- _TASK_
Your task is to copy every line below that contains the word "moustiquaires".

- _RECORDS FOR THE TASK_
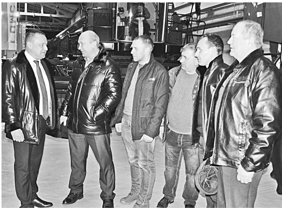
О комбайнах ПАЛЕССЕ – живой и заинтересованный разговор.

Широкий ряд такой техники и выпускает знаменитый завод в белорусском городе Гомель. К нему, к «Гомсельмашу», во многих отношениях можно применить слова «первый», «впервые в стране», «впервые в мире». В годы индустриализации выпуск первой партии приводных дисковых силосорезок на строящемся «Гомсельмаше» стал первым шагом к созданию в Советском Союзе ранее не существовавшей отрасли – машиностроения для кормопроизводства. В пятидесятые годы «Гомсельмаш» впервые в стране начал производство нового вида техники – прицепного силосуборочного комбайна СК-2,6А. За ним последовали модели СК-2,6А, СКБ-2,6, КС-2,6, КС-1,8 «Вихрь».
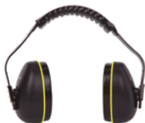
CASCO ANTIRUIDO CAT III CE SNR-32dB SUPER LIGERO
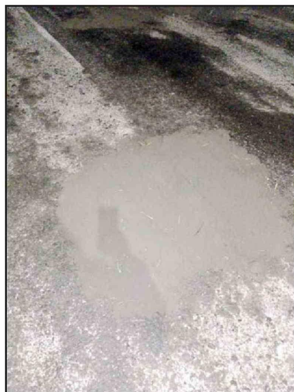
Acá una muestra de la iniciativa desplegada por vecinos; un hoyo tapado por ellos.

sulta que ahí supimos que había venido la alcaldesa por estos sectores, solamente se reunió con la Junta de Vecinos perteneciente a San Felipe y la directiva no le dijo a ningún vecino que iban a venir por estos sectores. Pasa al frente
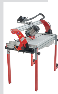
Inclinabile a 45°
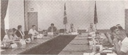
Sindicatele și patronatul pledează pentru majorarea salariului minim >>> p.3
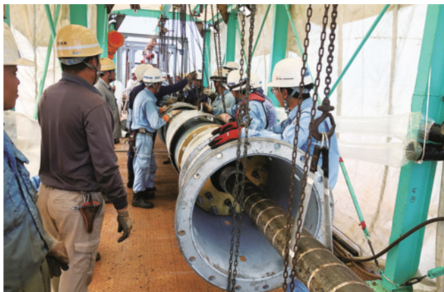
海底纜線的下放過程。

好不容易獲得進場施工權利，還需面臨天氣因素的考驗。首先，臺灣冬季有著強勁的東北季風，船隻作業往往避開此一階段。工期大約集中於清明到中秋這段暖和炎熱的季節。每一段海纜，在深海布線的時間大約需要3個星期左右，施工團隊必須掌握每段「可能的好天氣」，搶在惡劣天氣來臨之前，儘速完成海纜的放置。太平洋海面在暖洋時期常有颱風成形，常常是既快速又強烈，每次船隻出海進行作業，都是一場與氣候的搏鬥，團隊同仁回想起某次在海上鋪設海底纜線時，工程進度大約到一半，卻發現天氣瞬間轉變，風大浪大造成船身劇烈晃動，團隊同仁首先加強機械、工具等器材的固定，並視風浪情況決定是否收回海纜準備靠岸。所幸風浪終於平息，船上作業人員的驚嚇與擔憂，
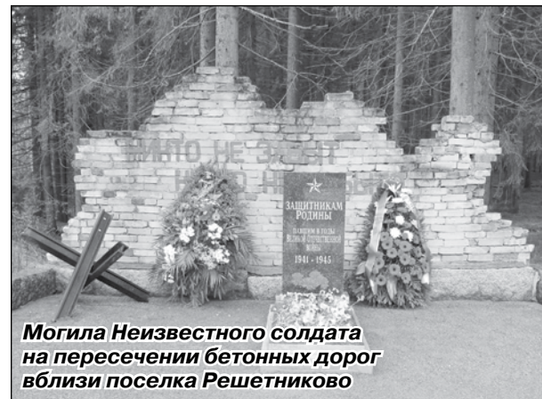
Могила Неизвестного солдата на пересечении бетонных дорог вблизи поселка Решетниково
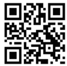
市民まつりホームページ
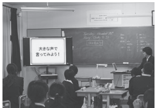
6年生合同授業(中学校) 6校時英語
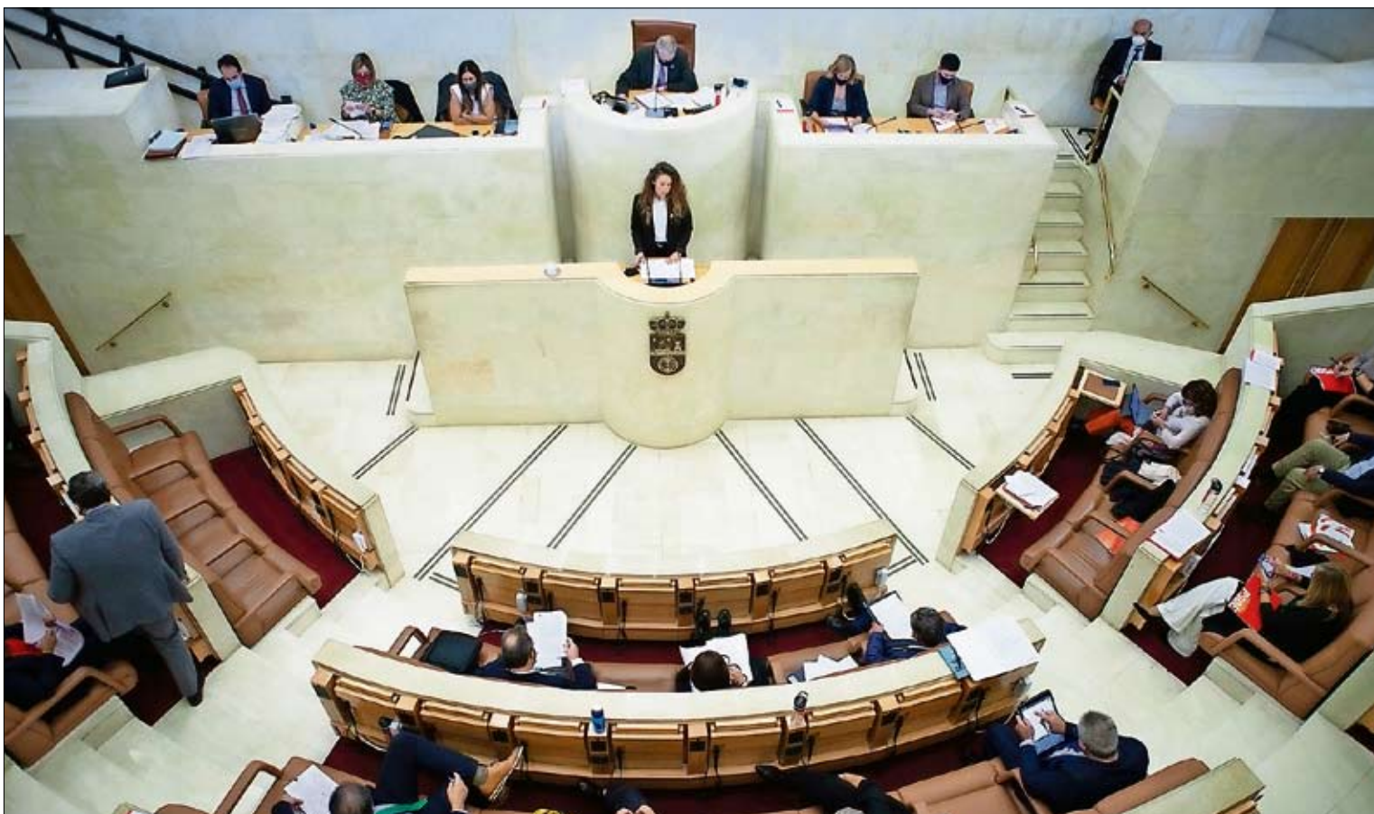
Un instante de la sesión plenaria de ayer en el Parlamento de Cantabria.

Las acciones de Libertbank llegaron a subir en el día de ayer hasta el 20% y las de Unicaja Banco, hasta el 15%, aunque al cierre de la sesión perdieron fuelle • El último intento de unión de ambas entidades tuvo lugar en mayo del año pasado / P. 24
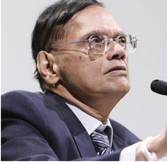
கொழும்பு, டிசெ. 17

இலங்கை வரலாற்றில் முதல் முறையாக ஒரு அரசைத் தமிழ்த் தேசியக் கூட்டமைப்பு கட்டுப்படுத்தப்
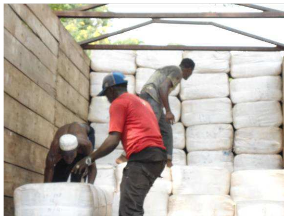
Chargement des moustiquaires pour Sokodé

Recevant les lots de moustiquaires, le Ministre de la Santé a remercié les généreux donateurs et promis que ces équipements iront à leurs destinataires et que bon usage en sera fait.
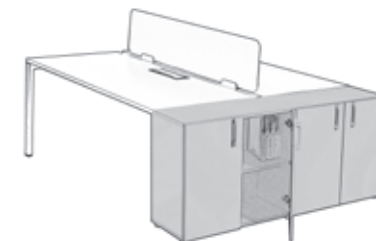
Armoire portes battantes H74 x L164 x P40 cm
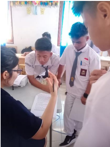
Gambar 6. (Siswa sedang berkonsultasi dengan fasilitator)

Evaluasi selama minggu ketiga menunjukkan adanya perubahan signifikan dalam keaktifan siswa. Di minggu awal, sebagian besar siswa terlihat malu-malu dan canggung saat berbicara dalam Bahasa Inggris, sering kali ragu untuk mengungkapkan ide atau bertanya. Namun, pada minggu ketiga, suasana kelas menjadi lebih dinamis. Siswa mulai lebih percaya diri dalam berlatih storytelling, bahkan antusias berdiskusi dan memberikan masukan kepada teman sekelompok mereka. Keberanian mereka bertanya mengenai kosakata atau tata bahasa yang kurang dipahami juga meningkat, menunjukkan adanya kemajuan yang positif dalam keterampilan berbahasa Inggris serta keaktifan mereka selama proses latihan.
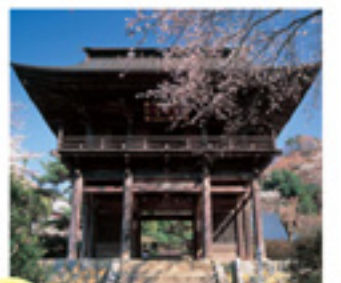
33km 45分 13 天童山景徳院 (甲府市) 【お問い合わせ先】TEL:0553(48)2225
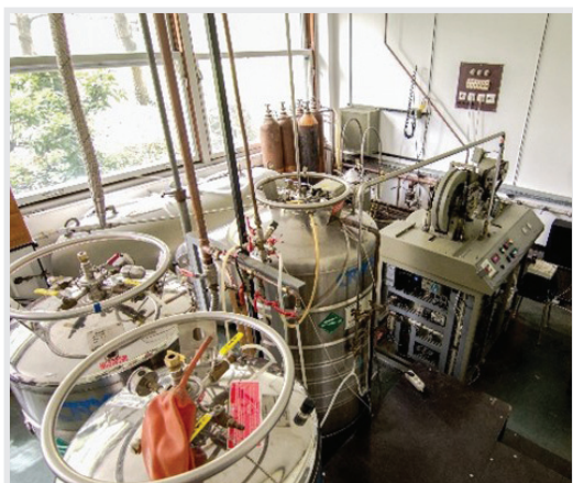
... novi, drugi po redu ukapljivač helija većeg kapaciteta instaliran 1991.
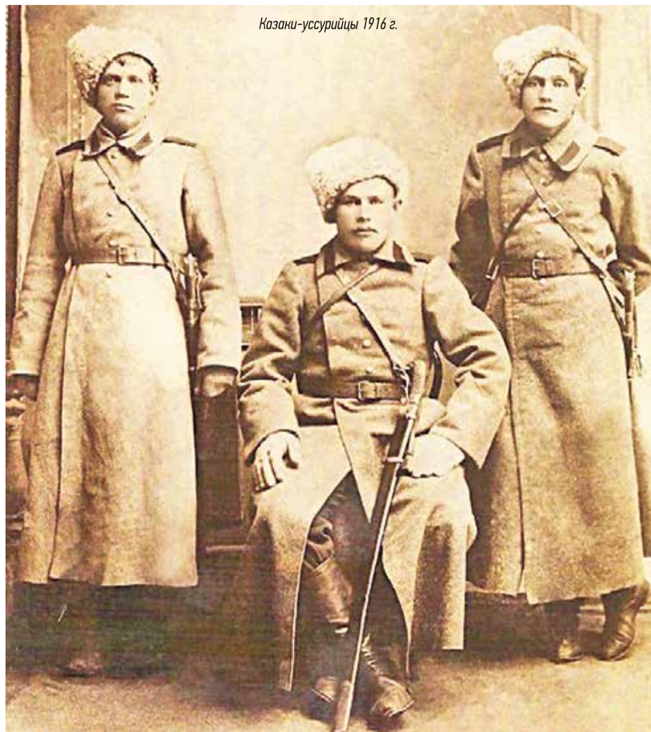
Казачи-уссурийцы 1916 г.

В 1868 году в станице Покровской имелось 17 дворов, жили 87 жителей, из них 29 детей. Из домашнего хозяйства в среднем было 27 лошадей и 17 быков, обрабатывалось 42 десятины земли. По состоянию на 1903 год станица Покровская состояла из 10 дворов. Население составило 64 человека. В 1912 году насчитывалось 23 двора с населением 120 человек.
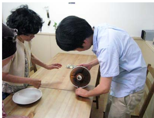
ケーキ作りの指導
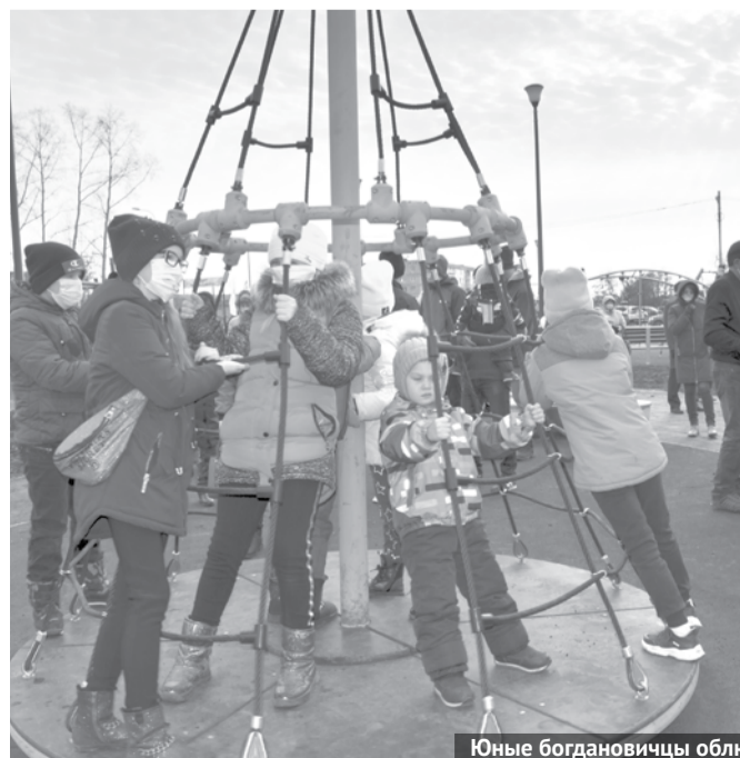
Юные богдановичцы облюбовали качели и карусели.

По задумке архитекторов, которые разрабатывали проект реконструкции парка, идея заключалась в том, чтобы в городе появилось место отдыха, в котором интересно было бы проводить время людям всех возрастов. Первая очередь парка стала ярким уголком детства, который теперь радует богдановичцев и дарит им только положительные эмоции.

- _OUTPUT_
Chargement des moustiquaires pour Sokodé
Recevant les lots de moustiquaires, le Ministre de la Santé a remercié les généreux donateurs et promis que ces équipements iront à leurs destinataires et que bon usage en sera fait.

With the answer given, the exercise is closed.